Augustine’s view of marriage is helpful in several ways:
- He draws attention to the danger of sin in all we do, including the marital act
- He emphasizes that use of the gift should overflow in enjoyment of the Giver
- He treats marriage as a central institution with sex as the inherent display of the purposes of marriage
The medieval ages usher in a new season of thought and consequently a new view of marriage. It is a period marked by intellectual closedness. At the center of medieval thought is the idea of the synthesis of faith and reason. There is one unified meaning for all things, and no division between the secular and the sacred. Medieval marriage must be understood in light of this synthesis. The three key institutions that shaped medieval life within the synthesis were the church, the state, and marriage. Since there was no distinction between state and church, both were influential in the direction of medieval marriage.
Medieval times were marked by a struggle for survival. Every morning, people would wake up wondering if this would be their last day. If you didn’t know how long you were going to live, then marriage attained a sense of urgency. For the people of the middle ages, marriage was viewed as a means to salvation and a means to self preservation.
Marriage in the medieval ages came to be viewed as a sacrament. In other words, it was viewed as one of the means of grace through which salvation came. So, since they weren’t sure how long they would live and marriage is a sacrament that must be observed for entry into heaven, then they highly prioritized marriage.
Also, marriage was prioritized because it was a means of self preservation. Since they didn’t know how long they would live, they would want to marry and begin procreating as quickly as possible to ensure the continuation of their blood line. Lower life expectancy increased this urgency.
One last note to make about marriage in the medieval times is the celibacy of the clergy. In this time period, there is marriage within the church but celibacy within the priesthood. The purpose of this celibacy was to allow greater devotion to kingdom work. It is evident that marriage in medieval times was highly pragmatic and not driven by romance. Instead, it was embraced for its spiritual, economic, and social benefits.

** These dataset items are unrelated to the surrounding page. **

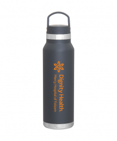 25 oz double wall 18/8 stainless steel thermal bottle with copper vacuum insulation, threaded insulated lid with carrying handle, high polish accent, stainless steel base, and powder coated finish. Hand wash recommended; Do not microwave. Dimensions: 10 H x 3".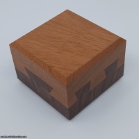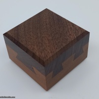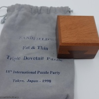 Designed by Robert Sandfield and expertly crafted by Perry McDaniel from Walnut and Mahogany. This puzzle has six dovetails to fat and two thin. The puzzle comes complete with printed canvas bag and information sheet and is number 126 of a limited edition of 200.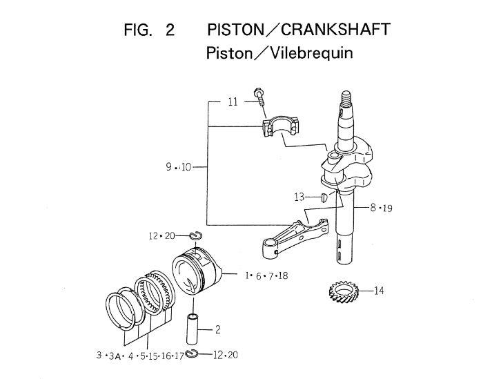 PISTON/CRANKSHAFT assembly details for Iseki SW519 MOWER (2503-098-100-10) ENGINE FC150V (AB02) (EB02) SW 519 & 521 & 621 model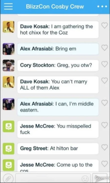Котаку раскопали фото, где сотрудники фотографировались с фото Косби до того, как история про насилие стала известна общественности. Также вставили цитату про телочек Косака без контекста. Котаку рассказали так, будто в Blizzard начальники занимаются насилием в отношении молодых сотрудниц.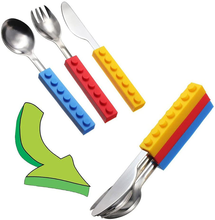 - Cada utensilio cuenta con un lively-color, mango lego-shaped.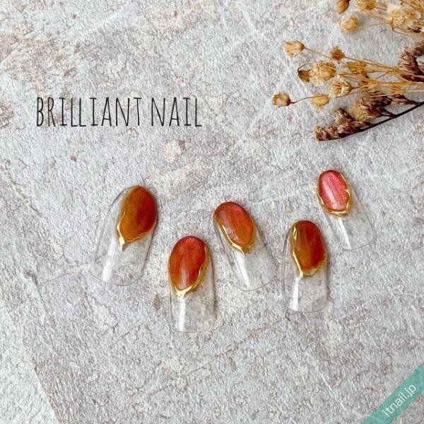 人気のミラーネイルも柿色とゴールドを合わせて大人の華やかさを演出してみてはいかがでしょうか。キラッと光る指先は何度も眺めたくなる美しさがありますね。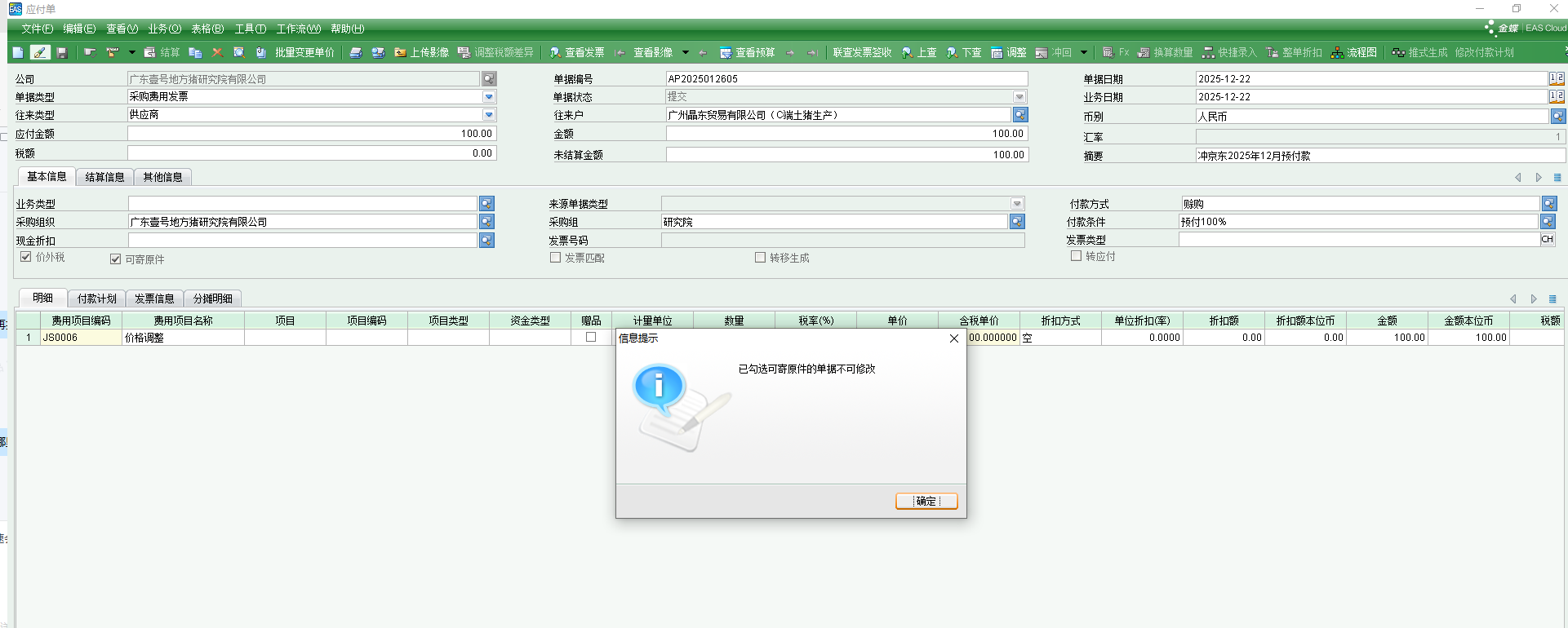 应付单无法修改,提示已寄单的单据不能修改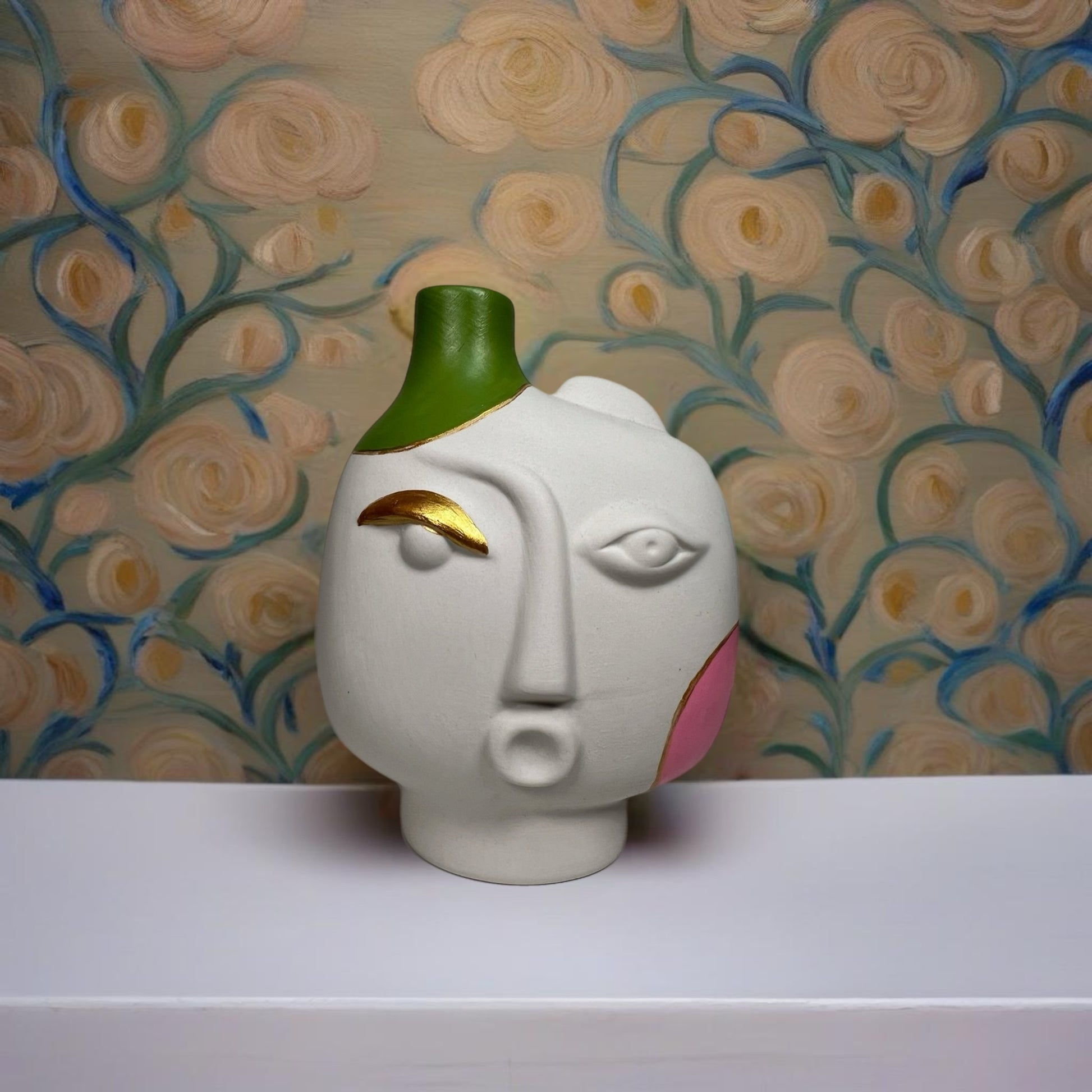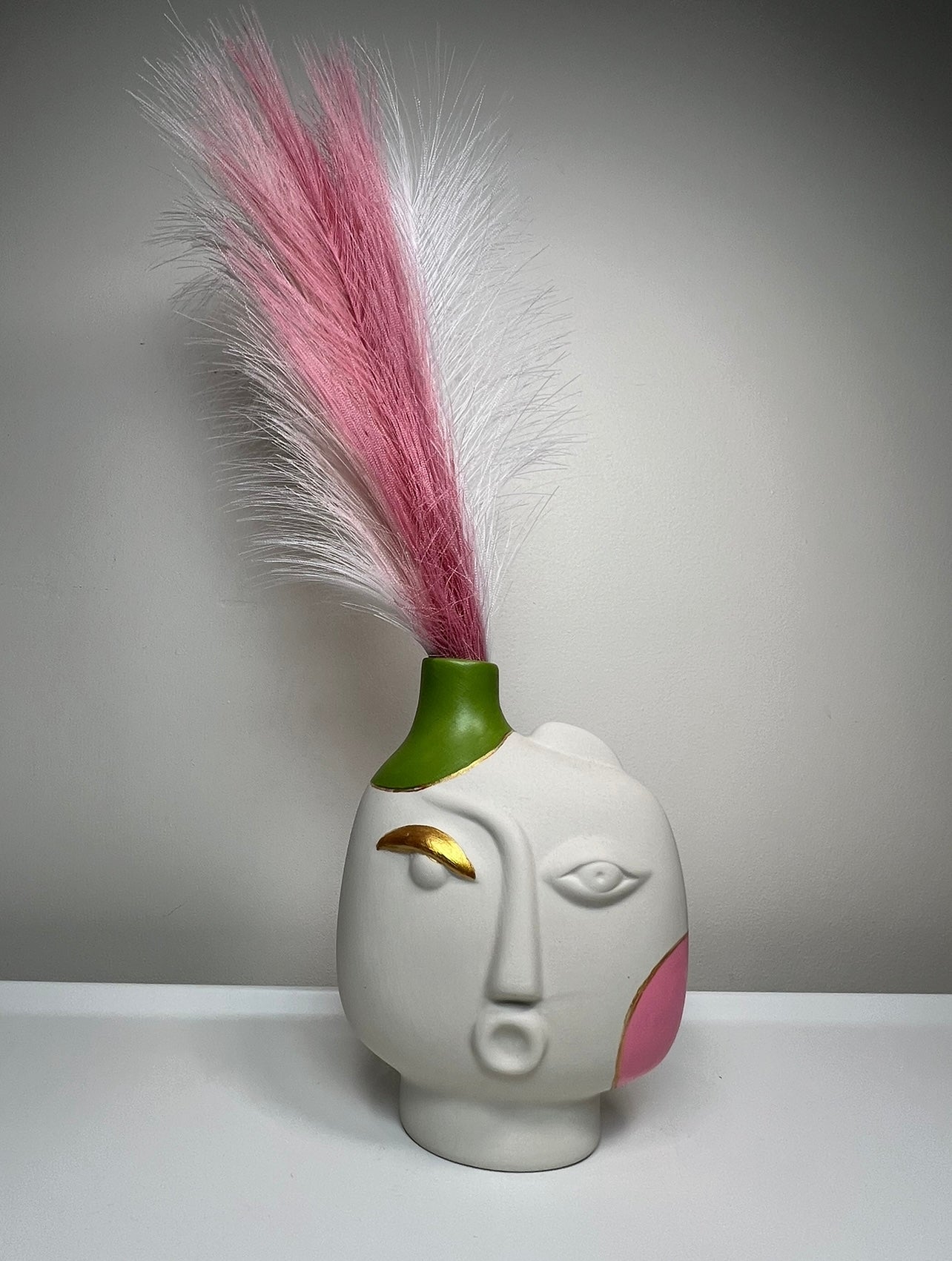 Each brushstroke is carefully applied, ensuring that no two vases are exactly alike. The combination of soft pinks, earthy greens, and luxurious gold accents brings an elegant yet playful vibe to your decor. Whether displayed on a shelf, table, or mantle, this vase will become a conversation piece and a cherished item in your collection.

As the medieval times gave way to the reformation, Martin Luther became the dominant contributor to a theology of marriage. In refutation of the common view, Luther denied that marriage is a sacrament. If we are justified by faith alone, we are not justified by the sacrament of marriage. Luther also denied that celibacy was necessary for those who are priests. Luther synthesized the New Testament’s teaching on marriage and the concept of the priesthood of all believers to come to this consensus. Luther’s own marriage to Katie is one of the greatest love stories in history.
In the end, Luther’s view of marriage centered on the fact that marriage is a great gift but not a sacrament. It is a means of not only making us happy but making us holy. In response to Luther’s views, the Catholic Church officially declares marriage as a sacrament at the council of Trent. In the end, the reformation leaves us with a theology of marriage very similar to that of the early church where marriage is normative but it is not driven by romance.
Our view of marriage in the American church has been shaped as much (or more) by our modern (and now post-modern) culture as it has by the Bible and historical theology. With the idea of needing marriage as a means of salvation and self preservation now a distant memory of an ancient past, marriage is floundering for lack of direction. The cold, hard historical motives for marriage have been replaced by warm, soft feelings about marriage.
Marriage has not always been viewed the way it is now. Therefore, it is instructive for us to examine the marital perspectives of the past so that we can arrive at a right view of marriage in the present.